(Adnkronos) – “Vi è un vulnus – ha aggiunto il consigliere Rauti – e l’aspetto legislativo va riconsiderato: il punto debole dei cinque giorni che hanno dopo essere usciti dal centro per cercare documenti e identità sono troppo pochi”. Ad Isabella Rauti ha fatto eco Chiara Colosimo sottolineando che “non dipende solo dalle leggi italiane ma anche dai consolati dei paesi di provenienza degli immigrati che spesso non rispondono alle richieste di identificazione e ancora gli immigrati spesso non danno la reale nazionalità di provenienza e quindi farli tornare a casa è un più un problema sovranazionale che nazionale”.
“Questa transitorietà, questa attesa per la cosidetta ricostruzione della propria identità è pesante e difficile – ha aggiunto ancora la Rauti – certo se il centro con gli strumenti giusti ed efficaci riesce a lavorare la persona esce presto ma se non ha la collaborazione necessaria dai consolati e uffici internazionali, il centro non riesce a volgere al meglio il suo lavoro. Serve collaborazione dai paesi di origine tanto che ad esempio un romeno, oggi, è riuscito ad uscire dopo 15 giorni per la repentina risposta da parte del consolato del suo paese.

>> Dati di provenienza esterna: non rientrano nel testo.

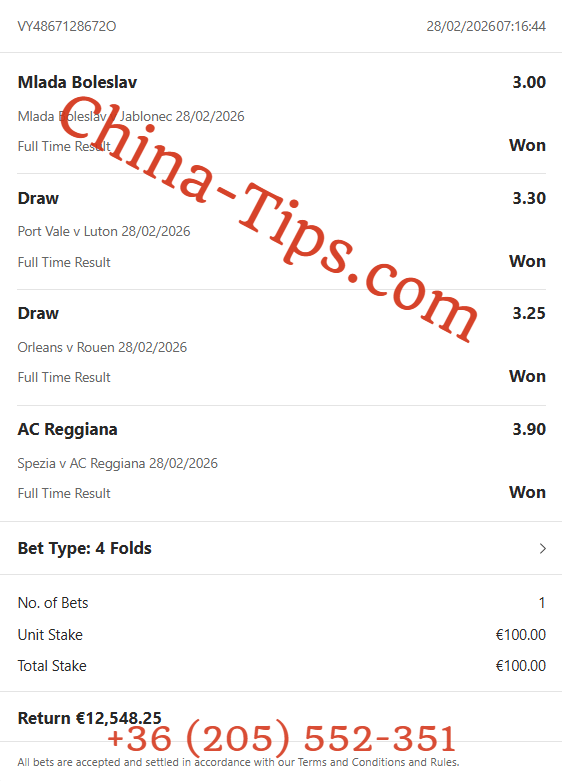 VIP fixed matches are only for few old members. With this matches you can’t lose but this matches we can’t sell on more people than 5. This matches only receive oldest costumers and most loyal.

Ma se le persone sono per cosi dire invisibili, il problema si complica e non si riesce a risolverlo”.
Il consigliere Rauti ha infine voluto sottolineare che “quando il prefetto ha affermato che il centro andrebbe chiuso, intendeva per i lavori di ristrutturazione che sono ora in corso. Ha parlato infatti di uno spostamento nell’area nord di Roma proprio per dare la possibilità di effettuare i lavori sulla struttura”. Isabella Rauti ha poi concluso affermando che “è necessario intervenire sulla macchina normativa come anche sui costi del centro cercando di razionalizzarli al massimo”.